Data Eng Weekly

Hadoop Weekly Issue #28

28 July 2013

The folks at Cloudera were really busy this week with (by my count) five releases (and one semi-private beta), including a new security-focused project called Sentry. This week's issue also contains technical articles about Cassandra, Kiji, Hive, and more. The summer lull seems to have disappeared, and the content is high-quality and plentiful. Enjoy!


Cloudera released a new open-source project called Sentry that is focused on enhancing Hadoop's security features. Sentry's feature-set includes: Fine-grained access control, i.e. the ability to use views in Impala and Hive to restrict access to rows/cols in a table; role-based administration to grant various groups different access levels to a dataset; multi-tenant administration to delegate particular datasets to different administrators; and integration with Hadoop Kerberos. This article also discusses the Sentry Architecture, which is extensible to projects other than Hive and Impala.

Cassandra 2.0 has support for lightweight transactions -- i.e. linearizable consistency. This post provides background on consistency models, the paxos distributed consensus algorithm, and the new transaction feature in Cassandra 2.0. Even if you don't use Cassandra, it's a good read about consensus in distributed systems.

Chris Harris from Hortonworks presented on YARN and Tez at the Data Science London meetup. The slides give a great overview of the motivation in moving from MapReduce to YARN/Tez, provide an architecture overview of both YARN and Tez, and present some experimental results using Hive 0.11.

Inmobi, the folks originally behind Apache Falcon, have blogged about their system Pintail, which complements Falcon by offering sub-minute access to datasets in HDFS. It has features like tailing a stream of data from multiple clusters, checkpointing a stream, partitioning a stream for throughput, and custom input formats.

Cloudera Morphlines, which is part of the open-source Cloudera Development Kit, provides a configuration-based system for light-weight ETL. At the SF Data Engineering Meetup, Wolfgang Hoschek presented on using Morphlines for "on-the-fly ETL." His presentation covers details of the current implementation, data type support, standard library, and plugin system as well as real-time ETL capabilities.

The Cassandra Query Language, CQL, is a SQL-like language for interacting with Apache Cassandra. The Cassandra 2.0 release is adding a lot of functionality to CQL -- ALTER … DROP, conditional updates/schema modifications, triggers, partial secondary index support, and more. This post details the language feature enhancements and other improvements in Cassandra 2.0.

The Kiji Project provides a collections of software built atop of Apache HBase for representing, storing, and querying data in an entity-centric fashion.

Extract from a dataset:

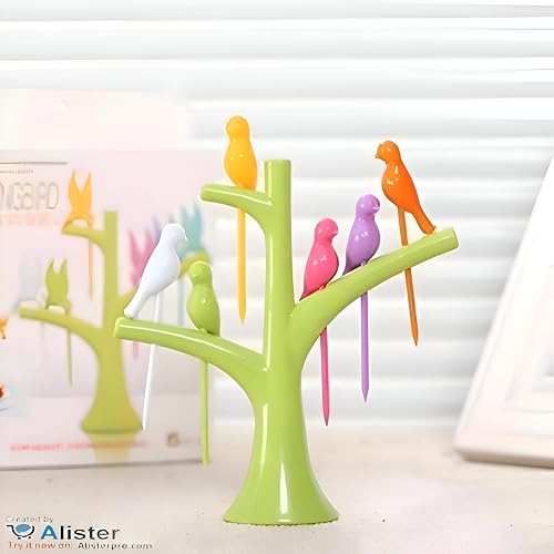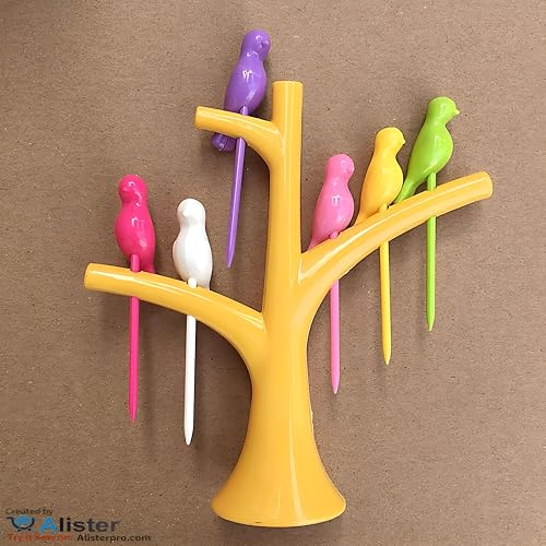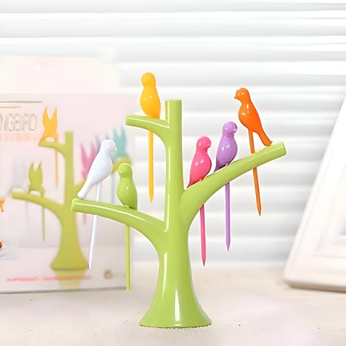 - 🏅 **تصميم فريد:**- يتضمن الطقم 6 شوك فواكه على شكل طائر وحامل شجرة- لطيف للغاية وممتع، يحول أي مناسبة إلى حدث غريب الأطوار

This post explores the power of this type of representation versus the traditional data warehousing star schema. While the major benefit is the ability to store complex data (e.g. lists, nested records) about a particular entity, HBase also has builtin support for multiple versions of data, providing the ability to view the evolution of a particular entity.

Cloudera Manager, the cluster management software, received two new and important features in version 4.5 -- role groups and host templates. Together, these features make it easy to build a heterogeneous cluster. This blog posts walks through the steps required to setup a new host template and apply it to a new, second class of DataNodes being added to a Hadoop cluster.

Using a dataset from Uber available on Infochimp, Carter Shanklin presented on Spatial Analytics with Hive at the July Hive Meetup. The talk covers the new windowing features in Hive 0.11, the spatial frmaework for Hadoop from ESRI, and some results obtained with this analytics stack.


At the Hadoop-DC meetup, Joey Echeverria from Cloudera presented on Apache Accumulo and Cloudera. During the presentation, Cloudera announced a semi-private beta of Accumulo 1.4.3 on CDH4.3 and Accumulo-Pig integration. The talk also covers the history of Accumulo and its data model.

LinkedIn released an analysis in which it highlighted the 10 hottest startups in silicon valley. Cloudera topped the list, and Hortonworks is number 5.

Hortonworks highlights the growth in the Hadoop job trends along with the slight decline in SQL job trends… and suggests that Hadoop (and in particular Hive) are a good addition to the skill-sets of anyone familiar with SQL. They also have some pointers for getting started.

Hortonworks was named the Global 250 B2B company of the year by AlwaysOn. In the press release, AlwaysOn mentioned that Hortonworks is rising quite fast in the big data world and that they have 'set the blueprint for how organizations can benefit from big data with 100-percent open source Hadoop.'


Kiji, the toolkit for building applications on Apache HBase, released a new version of the Buri BentoBox (i.e. collection of Kiji software). This update provides compatibility with CDH 4.3 and support for profiling of operations performed above the HBase layer.

Cloudera Search 0.9.2 beta was released. The new version contains faceting improvements in HUE, JSON support for morphlines (the etl engine), and various fixes and performance improvements.

Cloudera released version 1.1 of Sentry, which provides access and authorization features for Hadoop. This version adds new authorization features to Hive and Impala from CDH 4.3. More details about the features of Sentry are discussed above in the Cloudera announcement.

Impala 1.1 and Cloudera Manager 4.6.2 were released. In addition to adding support for Sentry, Impala 1.1 adds support for view, support for SQL-89 joins, performance improvements, HBase improvements, and more. Cloudera 4.6.2 adds support for Impala 1.1 and fixes several bugs.

Cloudera ODBC 2.0 Connector for Qlikview was released. It supports Qlikview 11, CDH4.2's Hive, and Impala 1.0+.

DataStax Announced DataStax Enterprise 3.1 and OpsCenter 3.2. DatataStax Enterprise 3.1 includes Cassandra 1.2 and Solr 4.3, promises drastic performance improvements, and includes many new search features. The OpsCenter management software is also supposed to be nearly 10x faster.

Apache Mahout 0.8 was released this week. Mahout, which is a project for building scalable machine learning, includes a number of implementations that utilize Hadoop. Of note, this release includes StreamingKMeans on MapReduce and a utility to convert lucene indices to sequence files.